MAMA also looked at Doctypes in its main analysis. We have compared cases where both tools found no Doctype. MAMA found 1,720,886 URLs without a Doctype. This is a rather large discrepancy compared to the validator's numbers above. We must alter this figure further because the SOAP response for a validation failure error returns empty <m:doctype > and <m:charset > elements. To improve the quality of our comparison between MAMA and the validator's results, we must exclude from our mutual examination all URLs with a positive validator failure count. After this minor adjustment, the numbers are much more in line with each other. To the numbers:

**Fig 9-3:** Scenarios where Doctype is not present
Situation	Qty
MAMA detected no Doctype.	1,465,367
Validator detected no Doctype.	1,474,974
MAMA and validator both detected no Doctype.	1,423,478
MAMA detected no Doctype, but the validator did.	41,889
Validator detected no Doctype, but MAMA did.	51,496

The final two numbers are the most interesting. These discrepancies are still quite large (~3% of the overall 'no Doctype detected' count). What could account for this? Some reasons noticed for the differences (there could be others):

MAMA did not look for a Doctype in the destination document of a META refresh/redirect. The validator appears to do this.
Ex: http://disneyworld.disney.go.com/wdw/parks/parkLanding?id=TLLandingPage
MAMA does not request or handle gzipped content, but it was occasionally served to it anyway. The validator appears to handle this.
MAMA looked anywhere in the document for a Doctype, but the validator only looks near the beginning of the document. A rather large set of URLs unfortunately fit this description.
Ex: http://www.ruready.com/
URL content can change over time, including the addition or deletion of Doctypes. MAMA's analysis occurred in November 2007, and the validation of those same URLs happened in January 2008—over 2 months later. In sampling random parts of the URL set where MAMA did not initially detect a Doctype, a current, live analysis by MAMA does indeed detect a Doctype in most cases tried. Other than a bug existing in MAMA (unfortunately, always possible in any software), this is the best explanation to put forth.
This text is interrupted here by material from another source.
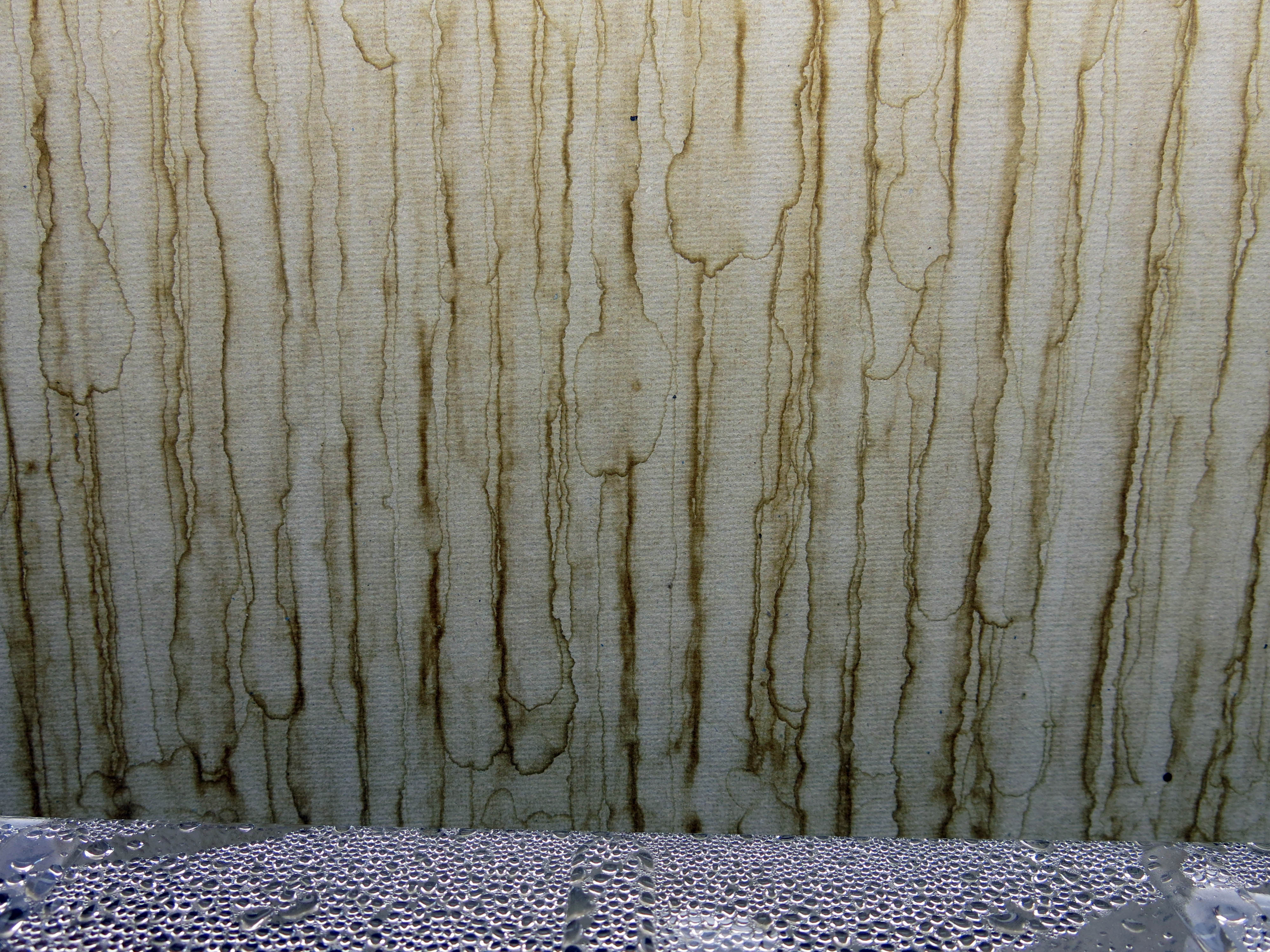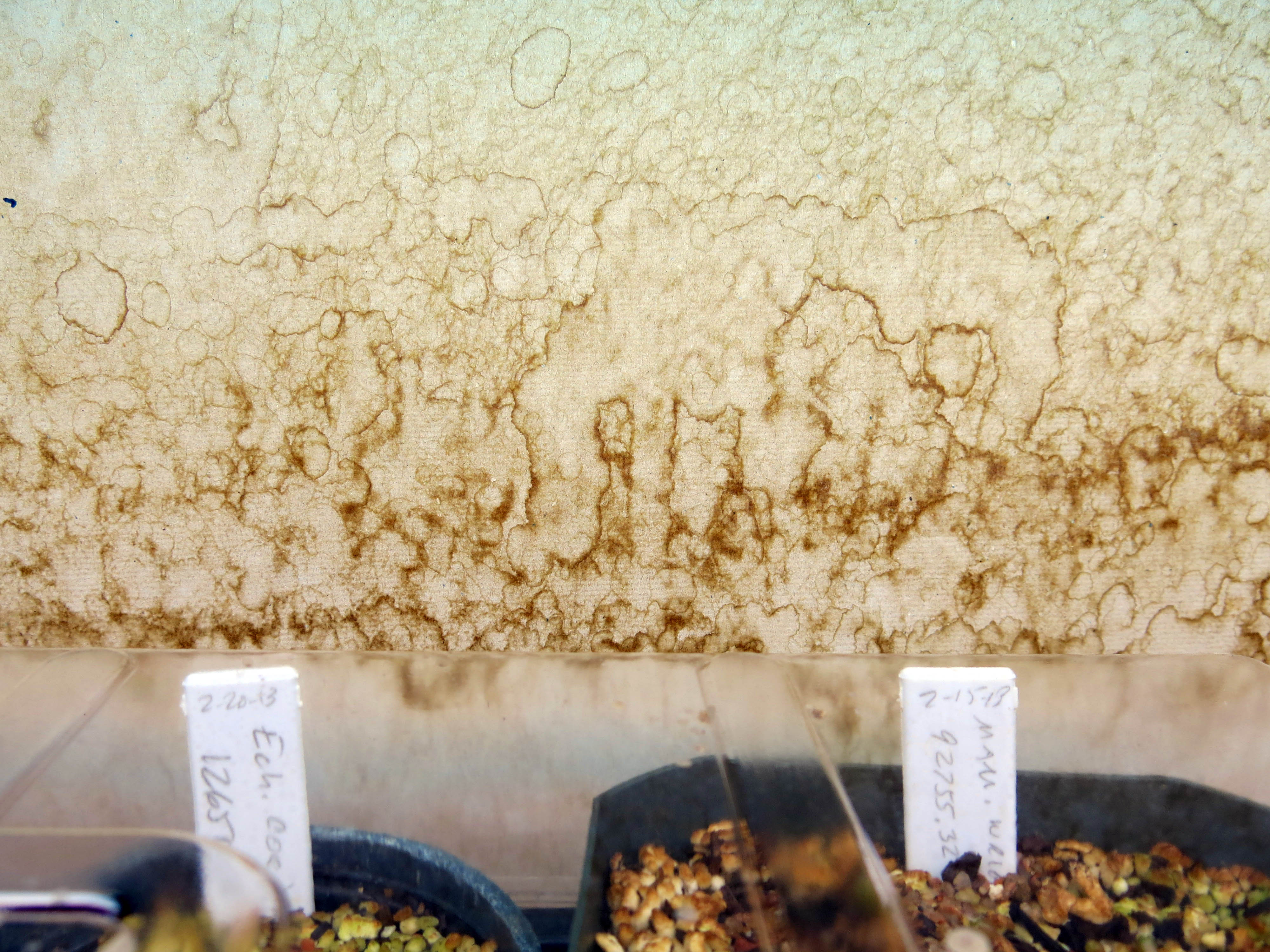 These shelves have been used for seed sowing for a quarter of a century; the water patterns on the drywall remind me of the decalcomania paintings of Oscar Dominguez and Max Ernst.

Doctype statement present details

What about URLs that had validator-detectable Doctypes? We will linger on the comparison between MAMA's Doctype detection and the Validator's before looking in depth at what those Doctypes were.
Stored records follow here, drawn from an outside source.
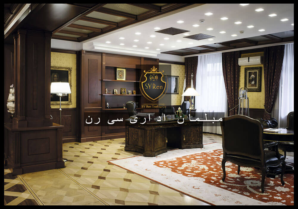 چیدمان مبلمان اداری | طراحی میز اداری کلاسیک | ست اداری چوبی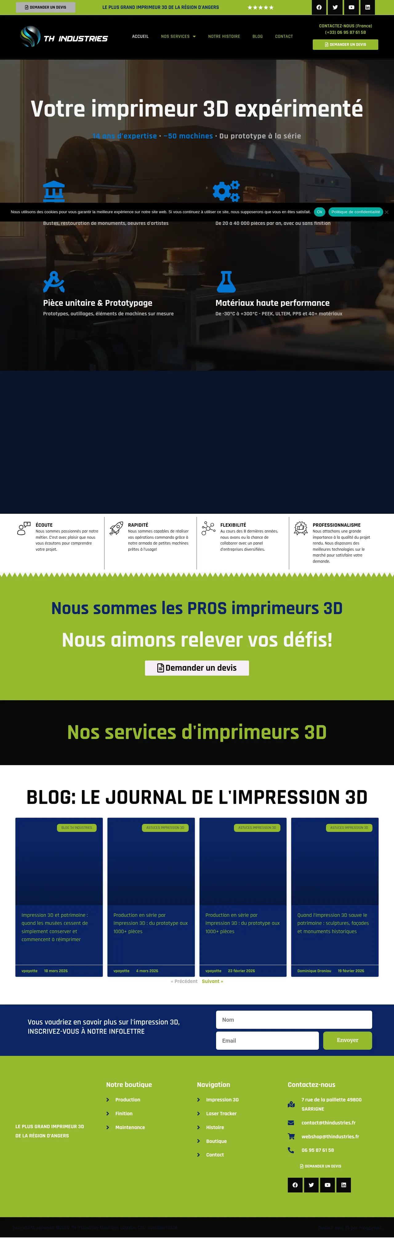 TH Industries is a prominent 3D printing service provider based in the Angers region of France. The company specializes in manufacturing custom parts, prototypes, and serial production runs exceeding 1,000 units. They offer comprehensive end-to-end solutions, including design consultation, professional finishing, and ongoing maintenance support. Utilizing a wide range of high-performance engineering thermoplastics, the facility serves diverse industrial applications requiring thermal and structural durability. Their operational approach focuses on rapid turnaround times, manufacturing flexibility, and technical expertise in additive manufacturing.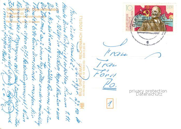 73606886 alte Postkarte Seifersdorf Erzgebirge Teilansichten Bruecke ueber die Rote Weisseritz postalisch gelaufen Erhaltung siehe scans [WerneD78] KatCode: 11110014188125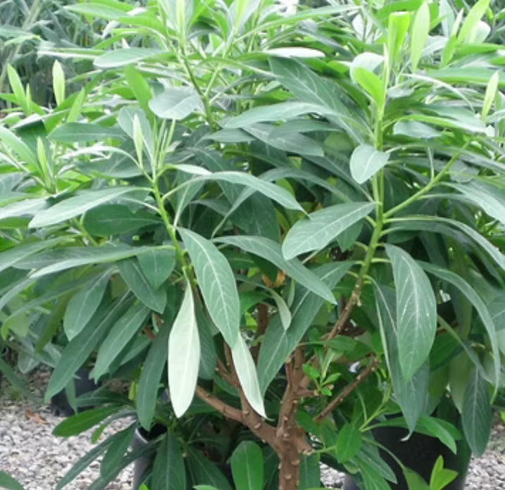 Amazing daphne relative, deciduous, blooming in February with pendant yellow, intoxicatingly fragrant blooms on handsome, bare stems. Long, tropical-looking leaves follow. Reaches 5ft tall and as wide in full sun to half shade with summer water. Frost hardy in USDA zones 7-9. Has proven to be hard to find as of late, get em' while you can.
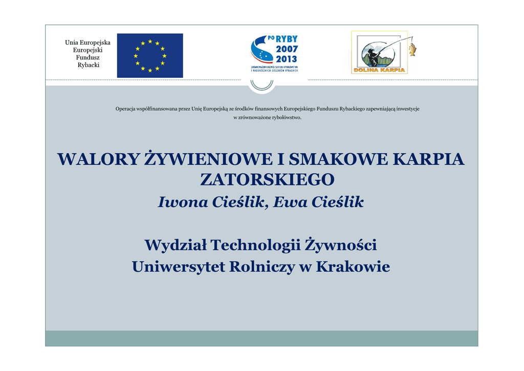 Unia Europejska Europejski Fundusz Rybacki Operacja współfinansowana przez Unię Europejską ze środków finansowych Europejskiego Funduszu Rybackiego zapewniającą inwestycje w zrównoważone rybołówstwo. WALORY ŻYWIENIOWE I SMAKOWE KARPIA ZATORSKIEGO Iwona Cieślik, Ewa Cieślik Wydział Technologii Żywności Uniwersytet Rolniczy w Krakowie Unia Europejska Europejski Fundusz Rybacki Operacja współfinansowana przez Unię Europejską ze środków finansowych Europejskiego Funduszu Rybackiego zapewniającą inwestycje w zrównoważone rybołówstwo. Karp (Cyprinus carpio L.) obok szczupaka, sandacza, płoci, lina i pstrąga należy do najpowszechniej dostępnych ryb słodkowodnych w Polsce. Unia Europejska Europejski Fundusz Rybacki Operacja współfinansowana przez Unię Europejską ze środków finansowych Europejskiego Funduszu Rybackiego zapewniającą inwestycje w zrównoważone rybołówstwo. Wartość odżywcza ryb Wartość odżywcza ryb zależy od gatunku, dojrzałości płciowej, okresu rozmnażania i rodzaju pożywienia występującego w zbiornikach wodnych. Wartość energetyczna ryb chudych jest niska i wynosi od 60 do 115 kcal/100 g, wyraźnie wyższa jest natomiast w przypadku ryb tłustych oraz wędzonych, solonych i marynowanych, a także przetworów rybnych w zalewach olejowych (do 400 kcal/100 g). Unia Europejska Europejski Fundusz Rybacki Operacja współfinansowana przez Unię Europejską ze środków finansowych Europejskiego Funduszu Rybackiego zapewniającą inwestycje w zrównoważone rybołówstwo. Wartość energetyczna mięsa ryb determinowana jest wzajemnym stosunkiem tłuszczu do wody. Niektóre ryby zawierają bardzo mało tłuszczu i ich wartość energetyczna odpowiada chudej cielęcinie. Ze względu na udział tłuszczu produkty tej grupy można podzielić na: ryby chude, np. flądra, dorsz i większość ryb słodkowodnych (np. karp), w których zawartość tłuszczu nie przekracza 5%. Unia Europejska Europejski Fundusz Rybacki Operacja współfinansowana przez Unię Europejską ze środków finansowych Europejskiego Funduszu Rybackiego zapewniającą inwestycje w zrównoważone rybołówstwo. Tabela 1. Skład chemiczny i wartość odżywcza ryb w 100 g części jadalnych (wg IŻŻ, Warszawa 2005) Składnik Dorsz świeży Karp świeży Szczupak Łosoś świeży Śledź świeży Węgorz Energia (kcal) 78,0 110 82,0 201 161 278 Woda (g) 80,4 . 76,6 79,8 65,5 70,9 59,6 Białko (g) 17,7 18,0 18,4 19,9 16,3 15,0 Tłuszcz (g) 0,7 4,2 0,8 13,6 10,7 24,5 Węglowodany (g) 0,0 0,0 0,0 0,0 0,0 0,0 Kwasy tłuszczowe nienasycone (g) 0,10 0,67 0,09 2,94 2,15 5,65 Kwasy tłuszczowe jednonienasycone (g) 0,11 1,49 0,18 5,52 5,37 11,53 Unia Europejska Europejski Fundusz Rybacki Składnik Kwasy tłuszczowe wielonienasycone (g) Równoważnik retinolu (µg) Równoważnik αtokoferolu (mg) Tiamina (mg) Dorsz świeży Karp świeży Szczupak Łosoś świeży Śledź świeży Węgorz 0,22 0,70 0,37 4,79 1,87 3,21 7,0 44,0 14,0 41,0 25,0 980 0,44 0,63 0,79 2,23 1,07 4,14 0,055 0;06S 0,085 0,23 0,02 0,18 0,046 0,050 0,070 0,17 0,13 0,32 Potas (mg) 356 387 304 371 239 217 Wapń (mg) 9,0 10,0 20,0 13,0 32,0 17,0 Fosfor (mg) 184 215 215 266 219 223 Magnez (mg) 25,0 12,0 27,0 29,0 24,0 21,0 Żelazo (mg) 0,4 0,7 0,6 1,0 0,9 0,6 Ryboflawina (mg) Unia Europejska Europejski Fundusz Rybacki Operacja współfinansowana przez Unię Europejską ze środków finansowych Europejskiego Funduszu Rybackiego zapewniającą inwestycje w zrównoważone rybołówstwo. Ryby i przetwory rybne są także źródłem dobrze przyswajalnego białka, którego zawartość w rybach kształtuje się na poziomie 16-20%. W skład białek mięsa ryb wchodzą zarówno albuminy, jak i globuliny, a w tkankach łącznych obecny jest kolagen, warunkujący galaretowanie wyciągów wodnych. Skład aminokwasowy tych białek jest zbliżony do składu białek mięsa. Unia Europejska Europejski Fundusz Rybacki Operacja współfinansowana przez Unię Europejską ze środków finansowych Europejskiego Funduszu Rybackiego zapewniającą inwestycje w zrównoważone rybołówstwo. Mięso ryb charakteryzuje wysoką zawartością składników mineralnych. W stosunkowo dużych ilościach występuje wapń, fosfor, sód i potas, a w mniejszych ilościach fluor, jod i miedź. Z witamin rozpuszczalnych w tłuszczach na uwagę zasługuje obecność witamin D i A. W tkankach ryb występują również niektóre witaminy z grupy B. Unia Europejska Europejski Fundusz Rybacki Operacja współfinansowana przez Unię Europejską ze środków finansowych Europejskiego Funduszu Rybackiego zapewniającą inwestycje w zrównoważone rybołówstwo. Ryby - definicja uwzględnia ryby żywe, śnięte, zabite, wykrwawione i wypatroszone, a także chłodzone i mrożone. Unia Europejska Europejski Fundusz Rybacki Operacja współfinansowana przez Unię Europejską ze środków finansowych Europejskiego Funduszu Rybackiego zapewniającą inwestycje w zrównoważone rybołówstwo. Ryby mogą być przechowywane w chłodziarce (+4°C) nie dłużej niż jeden dzień, a w zamrażarce (< — 18°C) przez kilka miesięcy. Ryby najlepiej rozmrażać szybko pod bieżącą wodą. Ryby solone i wędzone można przechowywać w chłodziarce przez kilka dni (chroniąc inne artykuły przed ich zapachem), natomiast przetwory rybne przez okres uwidoczniony na opakowaniu. Unia Europejska Europejski Fundusz Rybacki Operacja współfinansowana przez Unię Europejską ze środków finansowych Europejskiego Funduszu Rybackiego zapewniającą inwestycje w zrównoważone rybołówstwo. W obrocie spotykamy niezliczone ilości przeróżnych przetworów, do których zalicza się ryby solone i wędzone, a także marynaty, konserwy rybne. Nadzór sanitarno-higieniczny, obejmuje transport, magazynowanie, procesy technologiczne związane z przetwórstwem, przetwórnie i miejsca sprzedaży (obrót). Unia Europejska Europejski Fundusz Rybacki Operacja współfinansowana przez Uni

**Fig 9-4:** Scenarios where Doctype is present
Situation	Qty
MAMA detected a Doctype.	1,788,294
The validator detected a Doctype.	1,625,509
MAMA and the validator both detected a Doctype, and it was the same.	1,583,620
MAMA and the validator both detected a Doctype, and it was different.	36,119

Where MAMA and the validator both found a Doctype, they disagree 2.28% of the time. Other than the aforementioned time delay between the MAMA and validator analyses, could there be other reasons to account for this difference? Scanning a list of results for MAMA/validator Doctypes that differed, there may indeed be a trend—and a positive one at that. Of the 36,119 URLs that changed Doctype, 23,390 of them (64.76%) changed from an HTML Doctype to an XHTML Doctype. There are a few reasons mentioned above that could be affecting these results, and the above numbers could be a coincidence, but this looks like a data point supporting the gradual shift from HTML to XHTML.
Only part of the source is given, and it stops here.